Several dozen musicians before and after Strauss have painted their own portraits of the errant Spanish knight. Many of these pieces can heard this summer at Ravinia and are shown here in bold. Please click here for concert details.
Russian bass Fyodor Chaliapin, who frequently starred in Massenet's opera Don Quichotte, is associated with two song cycles intended for a movie version of Don Quixote directed by Georg W. Pabst. Maurice Ravel originally received the commission, but health problems prevented him from meeting the deadline. Don Quixote to Dulcinea for bass voice and orchestra was Ravel's last completed work.

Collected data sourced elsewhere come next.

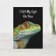 Cute flirting card for a boyfriend or girlfriend. A lizard Iguana with a black background. I got my eye on you, cuz you're kinda cute.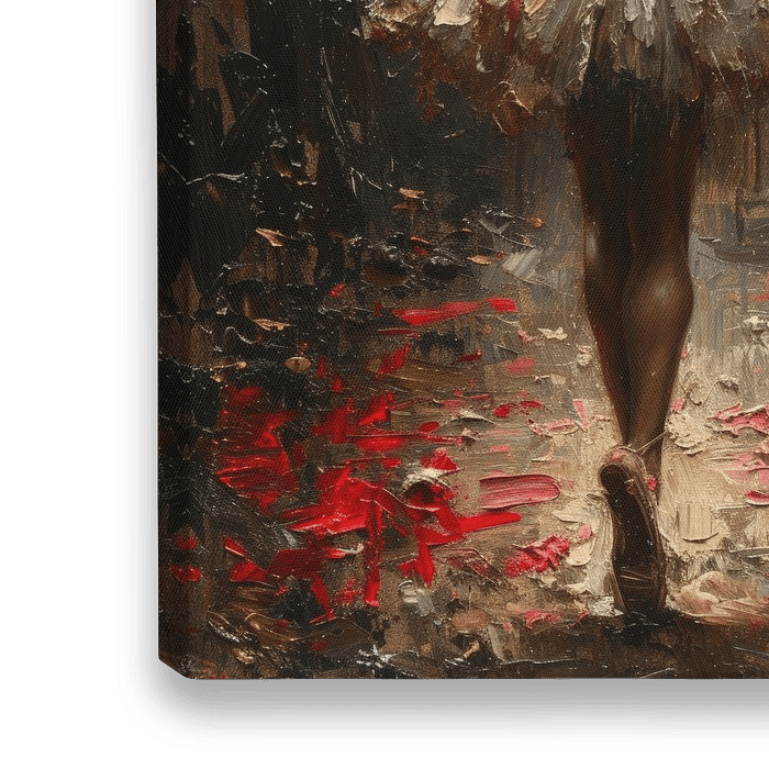 De rok van de ballerina is weelderig en textuurrijk, waardoor het lijkt alsof deze bestaat uit lagen van goud en crèmekleurige verf, die naar beneden druipt alsof het een verlenging van de beweging zelf is. De vloer weerspiegelt deze kleurenpracht met vegen en spatten van rode en gouden verf, die bijdragen aan de dynamische energie van het stuk.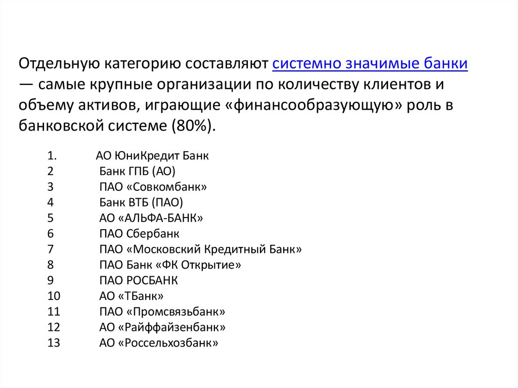 Отдельную категорию составляют системно значимые банки— самые крупные организации по количеству клиентов и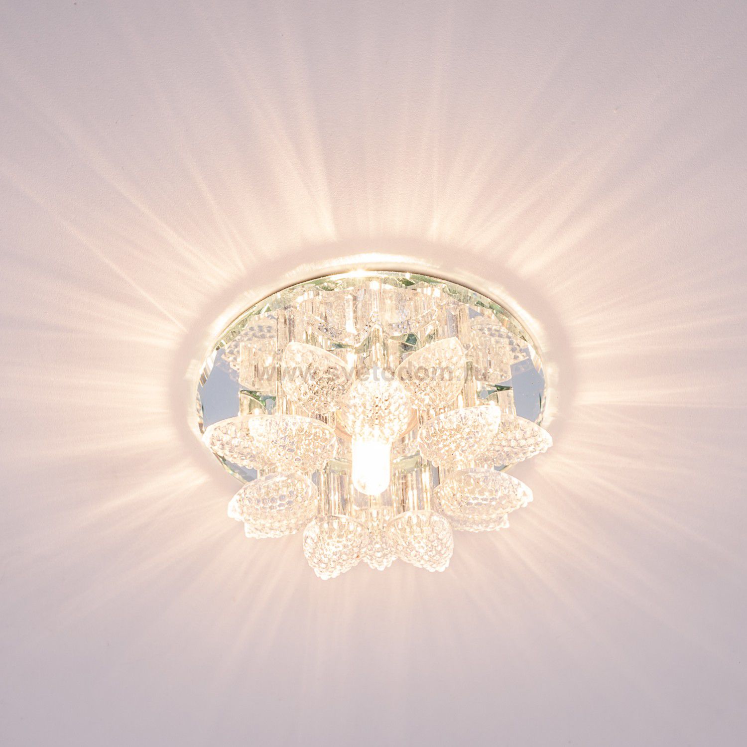 Точечный светильник F5013 WT+CL G4 от бренда ЭкономСвет. Каркас выполнен из материала стекло, цвет зеркальный. Цоколь G4 рассчитан на лампы максимальной мощности до 35 Вт, а максимальная площадь освещения составит до 2 м?.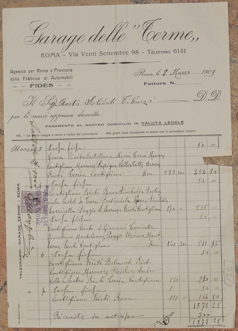 FATTURA GARAGE DELLE TERME ROMA LI 8 MARZO 1909

Jacques Ibert took over the film project and provided his own Songs of Don Quixote, which he later expanded into an operatic extravaganza, The Knight Errant.
Musical theater aficionados claim what is arguably the most famous stage representation of Don Quixote in Mitch Leigh's Man of La Mancha, a Broadway hit remembered for its timeless ballad "The Impossible Dream." Ballet audiences have watched Cervantes's ingenious gentleman and his servant companion dance across the stage to music by Ludwig Minkus, Goffredo Petrassi and Roberto Gerhard, among others.
Czech composer Viktor Ullmann composed a lively overture entitled Don Quixote Dances the Fandango while imprisoned in the Nazi concentration camp at Terez’n (Theresienstadt). The work remained unorchestrated at the time of Ullmann's murder at Auschwitz.
Near the end of Don Quixote, Cervantes inserts a posthumous tribute that reads in part: "A crazy man his life he passed, but in his senses died at last." Death may have closed the great dreamer's eyes, but his spirit has lived on in music.